Сен-Симон вспыхнул, слегка откинулся назад, но потом, быстро овладев собой, сказал:

— Послушайте, лейтенант Бонапарт, я неоднократно просил вас воздерживаться от свойственной корсиканцам грубости. Если вы хотите пользоваться моим бедственным положением, если вы применяете мои силы, мои старые связи для улучшения ваших коммерческих дел, если вы скупаете за бесценок и продаете за баснословные цены дома моих друзей и моих родственников, если вы сдаете купленный у меня дом актеру Тальма и запрещаете мне самому ходить в этот дом, — так это вовсе не значит, что я бесконечно способен сносить ваши унижения, встречаясь с вами по кабакам и притонам Парижа.

Молодой Бонапарт улыбнулся холодно и сказал:

— Успокойтесь, я позабыл, что нельзя вас называть. Не тратьте много слов, я выберу вот эти четыре дома. Сколько вам сейчас нужно на расходы?

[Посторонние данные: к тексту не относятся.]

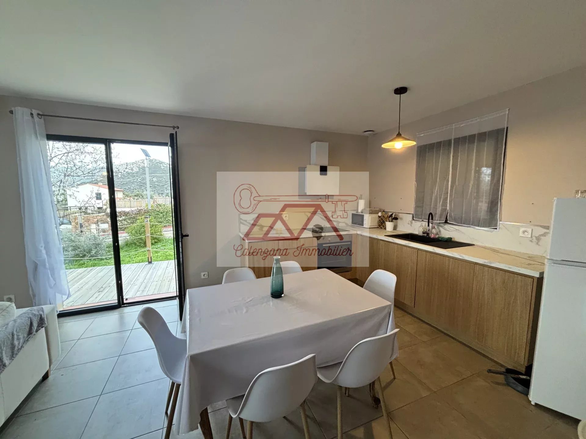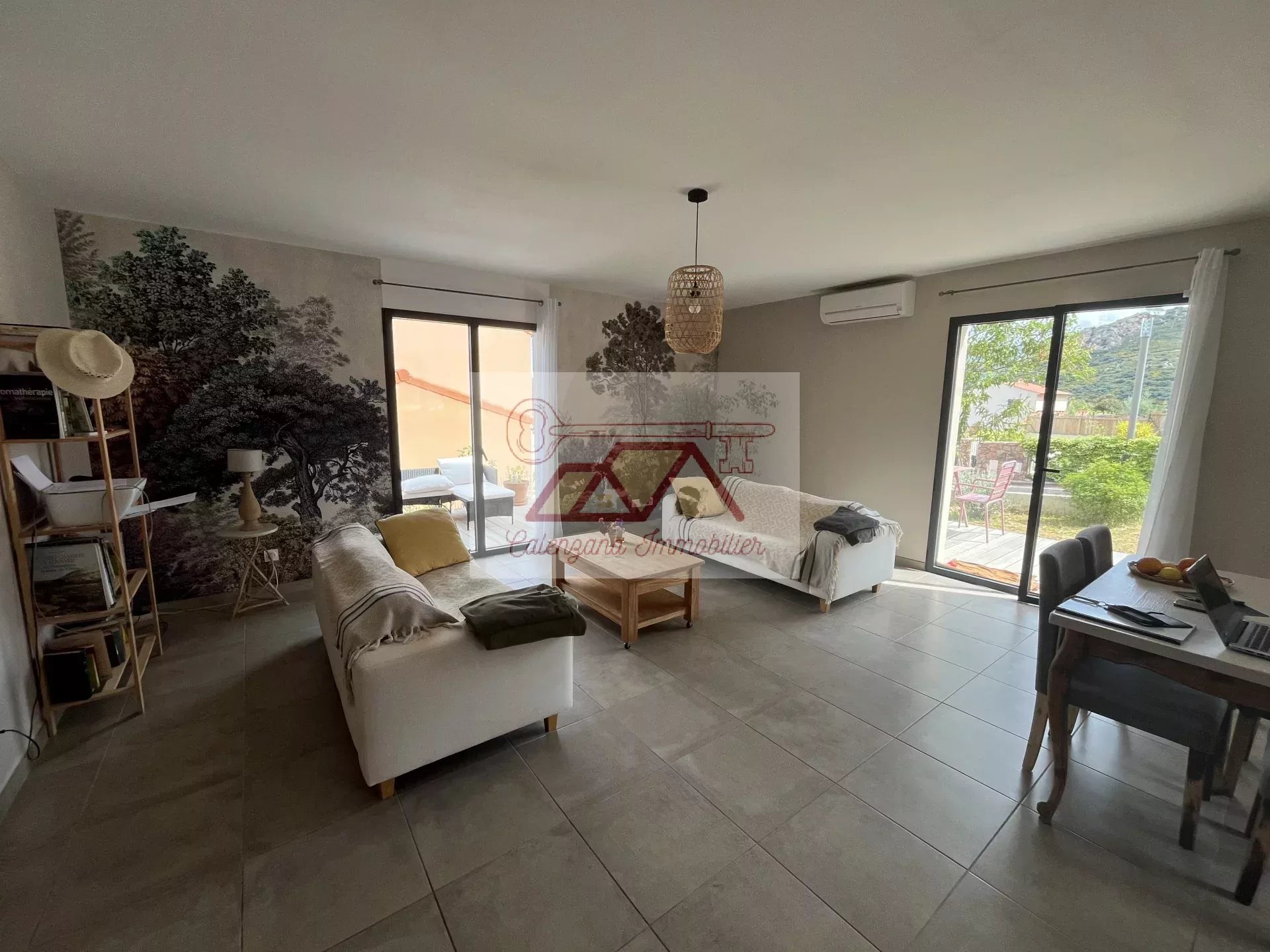 Située à quinze minutes des plages de Calvi, à trente minutes du bassin de l'Ile Rousse, agréable maison campagnarde de plain pied, avec son séjour spacieux et lumineux avec en prévision, si besoin, son conduit de cheminée. Son coin cuisine est aménagé et ouvert sur le salon.
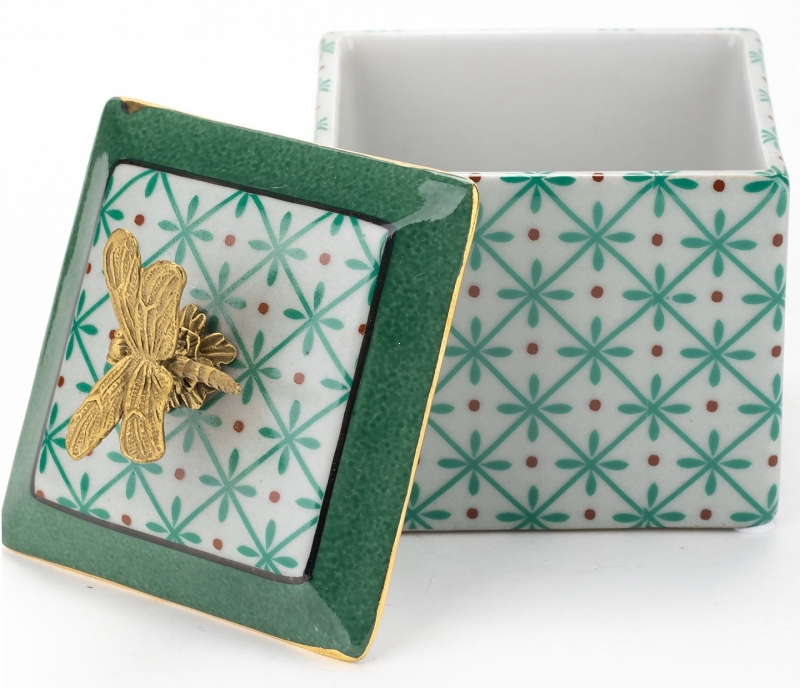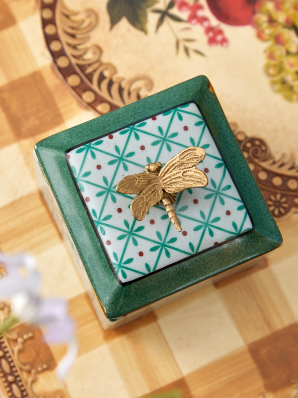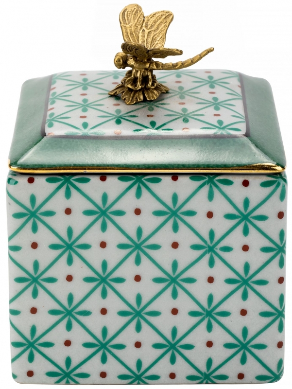 Нежная фарфоровая шкатулка с графичным зелёным орнаментом, бронзовой стрекозой и тонкими золотистыми акцентами добавляет интерьеру характер и ощущение коллекционной вещи. Этот вариант идеально подойдет для спальни, гостиной или туалетного столика и поможет создать атмосферу уюта, утончённости и тихой роскоши.
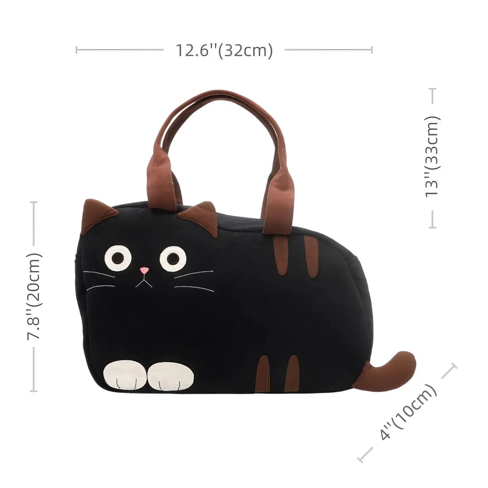 Our handcrafted Kawaii Cat Shoulder Bag, a delightful combination of cuteness and simplicity. This cute bag features a round and chubby cat design that's utterly endearing, handcrafted with meticulous attention to detail. Made from high-quality imported cotton fabric from Pakistan, the bag is both fashionable and artistic, showcasing a patchwork of charming cat motifs that warm hearts. The soft and fluffy tail design adds a unique touch, making this bag a must-have for cat lovers. Measuring 12.6 inches in length, 3.9 inches in depth, and 7.9 inches in height, this kawaii bag provides ample space for your essentials while maintaining its compact size.
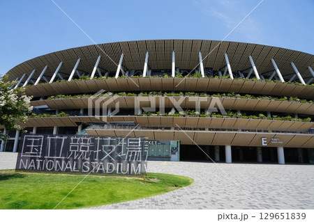 新国立競技場 国立競技場 風景 日本 東京 オリンピック スタジアム 快晴 青空 アップ 完成 竣工
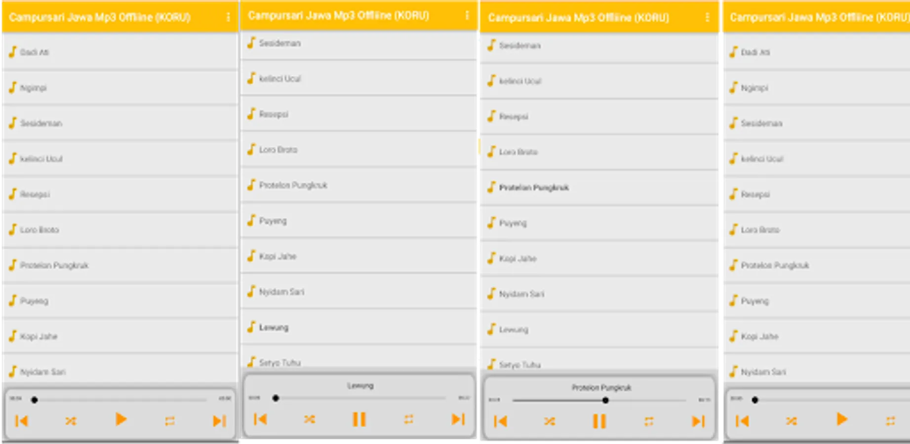 Campursari gending Jawa mp3 offline is a media player platform for music players with the .mp3 extension, KORU shares instrument music and/or covers whose lyrics or songs are incomplete unlike the original songs or music. Mp3 songs that are campursari Jawa mp3 offline are displayed here, to protect copyright, the mp3 quality is only and/or less than 125kbps. If you like the original music and the quality of the music is good, please buy it at the official music store to get the best quality mp3 songs.
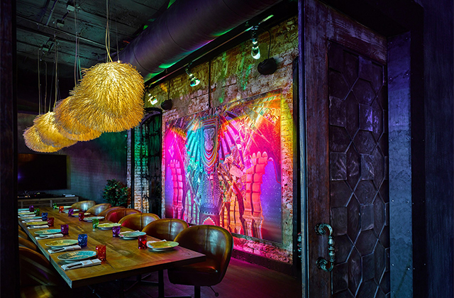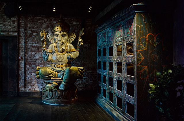 Сентиментальная мелодрама про плывущего с тигром в шлюпке индийского мальчика-сироту в огромном пространстве лофта над бутиком Игоря Чапурина превратилась в клуб с индийским колоритом. Ради него придуманы фотоколлажи Сергея Мальцева (их используют для обложек меню и настенных панно), ради него Маша Цигаль нарядила официантов в саронги и сальвар-камизы, ради него колонны облицевали резными панелями. В каминном зале развесили эротические лубки, привезенные из Индостана, а зал с караоке украсили панорамным окном с видом на кухню, где трудятся индийские повара под водительством Раджандара Сингха, долгое время работавшего в сети отелей Taj Group в Дели.
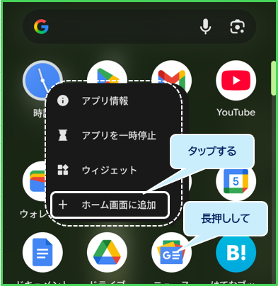 一部のアプリでは、アプリアイコンを長押しすると、アプリ内の特定の機能へ直接アクセスできるショートカットリストが表示されます。このリストの中のアイコンも、アプリアイコンと同様に長押ししてホーム画面にドラッグ&ドロップすることで追加できます。
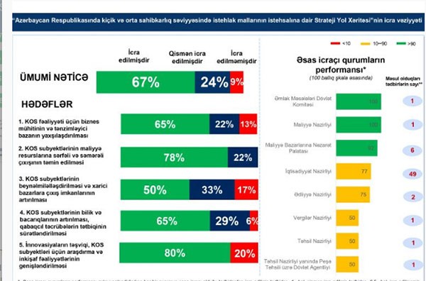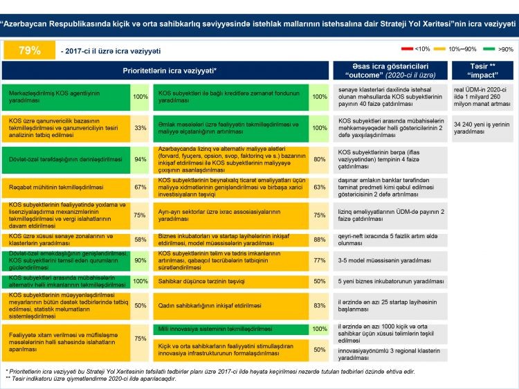 "Azərbaycan Respublikasının kiçik və orta sahibkarlıq səviyyəsində istehlak mallarının istehsalı üzrə Strateji Yol Xəritəsi”ndə müəyyən edilmiş tədbirlərin 2017-ci ilə nəzərdə tutulmuş hissəsinin 67 faizinin icrası tamamlanıb, 24 faizi qismən icra edilib, 9 faizi isə icra edilməyib.
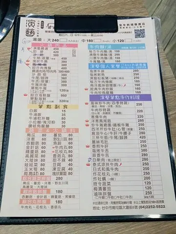 Flank Steak / 牛肉炒飯160 / 牛滷乾拌麵 / 牛滷飯 / 牛燥飯 / 牛鍋 / 牛雜拼盤 / 沙朗筋 / 炒牛雜 / 空心菜炒牛肉 / 炸牡蠣 / 香煎牛肝 / 泰式涼拌牛肉 / 海鮮拼盤 / 秘方牛肉麵 小拉麵 / 秘製牛肉湯麵 / 塊狀牛腩 / 綜合菇拼盤
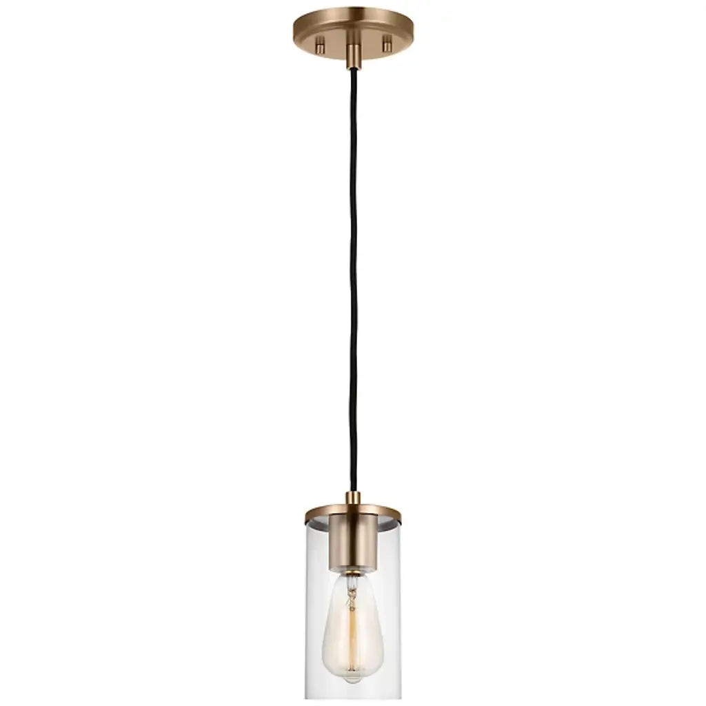 The Zire Mini Pendant by Visual Comfort Studio, formerly known as Sea Gull Lighting, is an elegant and minimalistic piece. A Clear Glass cylindrical shade descends from a simple cord and surrounds a single exposed bulb for an Edison-inspired design that has a crisp and clean silhouette. Lending a warm layer of light to surroundings, this contemporary pendant has some industrial flair and is capped with a slim Metal top. Blending form and function, this tailored piece makes a statement when placed in a linear arrangement.
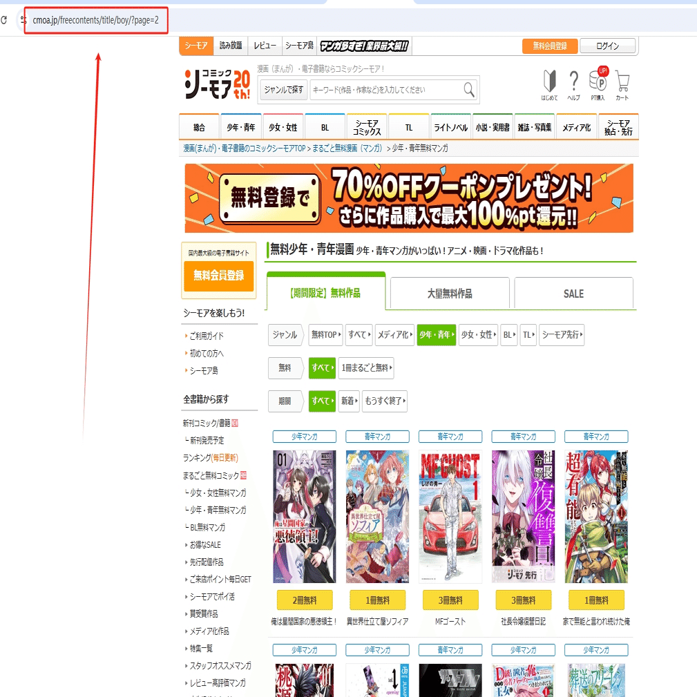 今回は少年・青年の一覧ページから書籍の情報を収得し、そのスクレイピング方法を紹介します。まず、第二ページのリンクをコピーしてください。
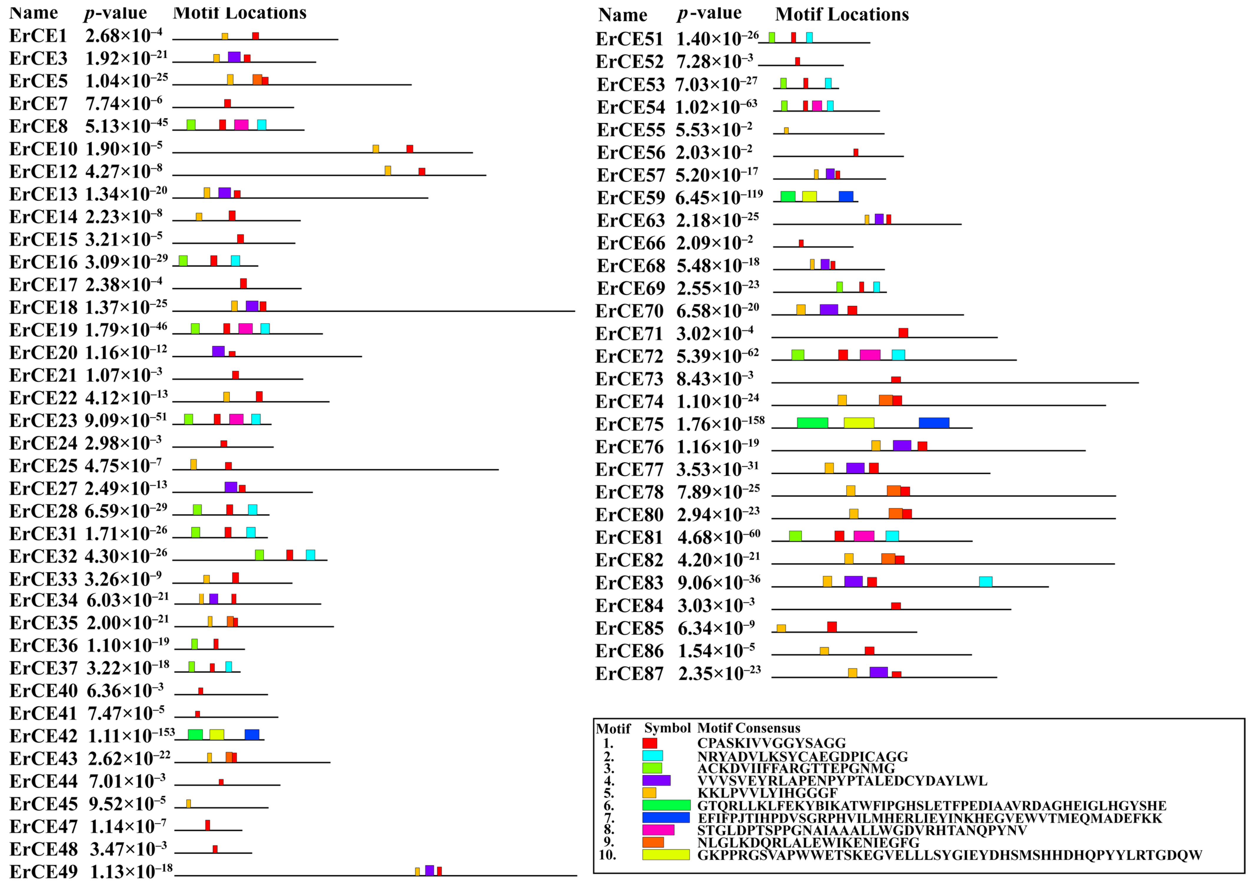 | ErCE14 | gene01953 | CE1 | 927 | 308 | 33.47 | 8.20 | −0.23 | extracellular |
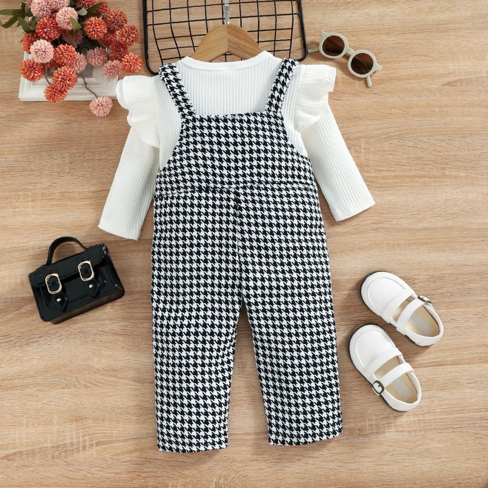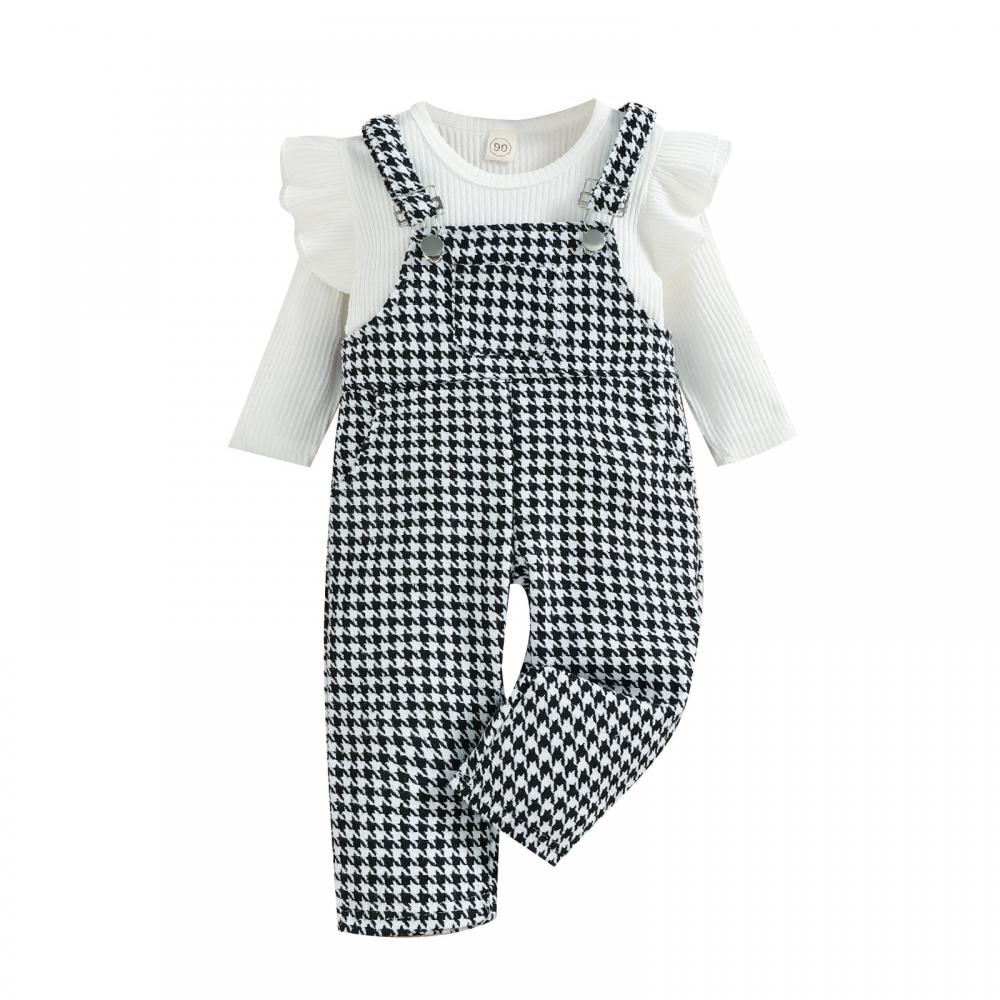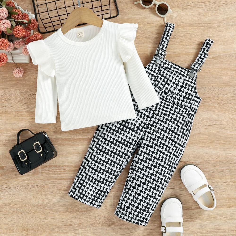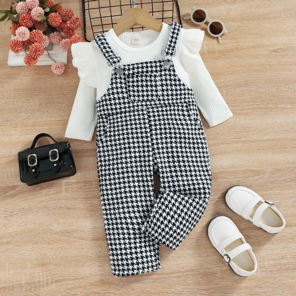 Autumn And Winter Pit Strip Flying Sleeve Jacket Long Sleeve Strap Pants Two-piece Wholesale Girls Clothes

Потомок герцога граф Анри де Сен-Симон вычислил что-то на листке бумаги и показал листок Бонапарту. Тот метнул взглядом, проверил цифры и, спрятав листок в кожаную сумку, достал пачки ассигнатов.

— Не давайте корсеты, эти несчастные пятиливровые ассигнаты теперь ничего не стоят, — сказал Сен-Симон.

— Они мне стоят столько же, сколько вам, — ответил Бонапарт жестко, — прощайте.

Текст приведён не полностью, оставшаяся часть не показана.